I wonder if I could set up some rival toys called Gagz and Pukez.

We came home feeling slightly shell-shocked and no presents to show. A sensible pair of walking boots and perhaps Ice Age II on DVD, now seem the likeliest contenders.

21 comments:

Sam, Problem-Child-Bride said...

Agreed, Kim. Bratz dolls ("We're all individuals!") will never cross the threshold of Problem Towers. They look like aliens (those eyes!) and seem to want to convey to 8-year olds that being an "individual" has to do with leopard skin accessories and a pink dog.

Grumble, grumble, where's me Horlicks?

Happy birthday to the wee one when it comes.

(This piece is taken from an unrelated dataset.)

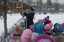 Атна башында бакчабызда "Кошларга ярдәм итик!" акциясе игълан ителде. Акциянең максаты: кышлаучы кошлар турында мәгълүмат булдыру, кошларга җимлек ясау, кошларга ярдәм итү. Әти-әниләр бик уңайлы, матур җимлекләр ясап алып килделәр. Җимлекләрне төрле материаллардан ясаганнар: пластик шешәләрдән, фанерадан, соктан бушаган савытлардан.Җимлекләрне, ипи валчыклары,көнбагыш, арпа, бодай ярмалары салып бакча территориясендәге агач-куакларга элеп куйдык.
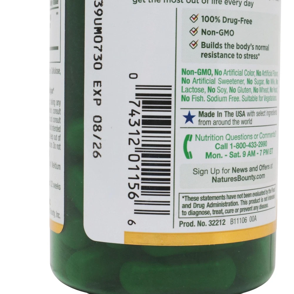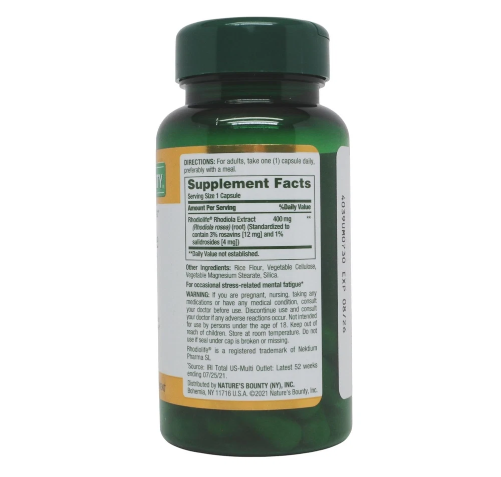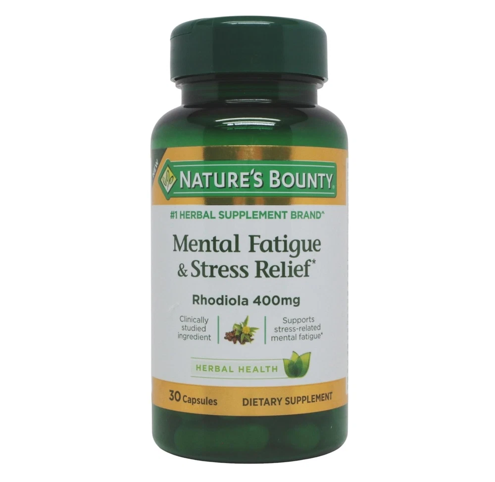 Nature's Bounty Mental Fatigue & Stress Relief Rhodiola 400mg Herbal Health 30ct Nature's Bounty Mental Fatigue & Stress Relief Rhodiola 400mg Herbal Health 30ct Features STRESS AND MENTAL FATIGUE SUPPORT: Natures Bounty Mental Fatigue & Stress Relief capsules help support occasional stress-related mental fatigue, such as the kind you get when studying hard for an exam or working long hours (1) BUILDS BODYS RESISTANCE TO STRESS: Natures Bounty Mental Fatigue & Stress Relief builds the body's normal resistance to occasional stress and helps support your ability to stay calm (1) 400 MG OF RHODIOLIFE: Natures Bounty Mental Fatigue & Stress Relief contains 400 mg of clinically studied ingredient Rhodiola for stress support. Rhodiola root is an adaptogen thats been used for centuries to relieve stress and reduce fatigue. (1) CONVENIENT CAPSULE: Convenient 1-per-day capsule makes it easy to include Natures Bounty Mental Fatigue & Stress Relief into your daily routine. UNSURPASSED QUALITY AND VALUE: Using the latest breakthroughs in nutritional science and the finest ingredients, Natures Bounty provides supplements of unsurpassed quality and value Details Item Weight: 0.11 pounds Shipping Weight: 0.11 pounds Item model number: 032212 Item MPN: 032212 Item part number: 032212 Fast & Free Shipping Orders are shipped out within 2-3 business days usually and delivered to your doorstep as quickly as possible. Competitive Pricing Our competitive prices are some of the lowest that you will find on the internet. Rest assured that you're getting a good deal when purchasing from us. 30-day Money Back Guarantee We are committed to making sure that you leave this transaction satisfied. If you're unhappy with the product for any reason, you may return it back for your money-back or a replacement if available within 30 days.

Dr Joseph McCrumble said...

We share the same platform here, Kim. As the proud owner of two boys I don't have to worry so much, yet. But no.3 (gender unknown) may just mean I'll be frothing at the mouth in a few years time.

Andraste said...

Ugh, so right, Kim. I've been bitching about this for years. I don't even have a daughter ( or even a niece) but when I look at children's clothing and see that shirts meant for preschoolers say things like "sexy," or "juicy" on them, it gives me the fear. You should see what they're teaching children here in dance classes! Speaking of...have you seen "Little Miss Sunshine?"

Jen said...

Happy birthday to your sweet (or maybe not so sweet, now that she's quickly approaching the pre-teen years!)girl. As a mother of boys, and very little boys at that, I have not yet had to worry about this issue...thank goodness. But I would imagine that any future hypothetical daughter I may have will think I'm a stodgy old spinster when I take her clothes shopping! (And she'd probably be right......)

Christina said...

how about a pair of nice Vincent shoes??? To be found in the UK too www.vincentshoestore.com

They come highly recomended :-)

quinn said...

It is very much like that here as well Kim..I too am glad to have two boys. Although I am having some problems with my younger sons jeans being down below his butt!((( and that is with a belt on!!!!))!argggg. ...thank goodness he spends 50% of his time either in karate Gi or pajamas ..cause the rest of the time I am yelling at him to pull up his pants.

As for the attire of young ladies..I agree makes no sence to me but then again take a look at most of the young moms out there ...many of them are dressing 10-15 years younger than "they should" too....30 year olds with their belly shirts etc...

Also...As you know I did daycare for 15 years I have seen alot of changes in what is acceptable for the really young kids. Imagine my surprise when I went to change the diaper of a not quite 2 year old little girl..of a 30 year old mom...only to discover they had affixed a temporary tatoo of a flower below the waist toward the hip..INSIDE The diaper area ..!! of this child!!!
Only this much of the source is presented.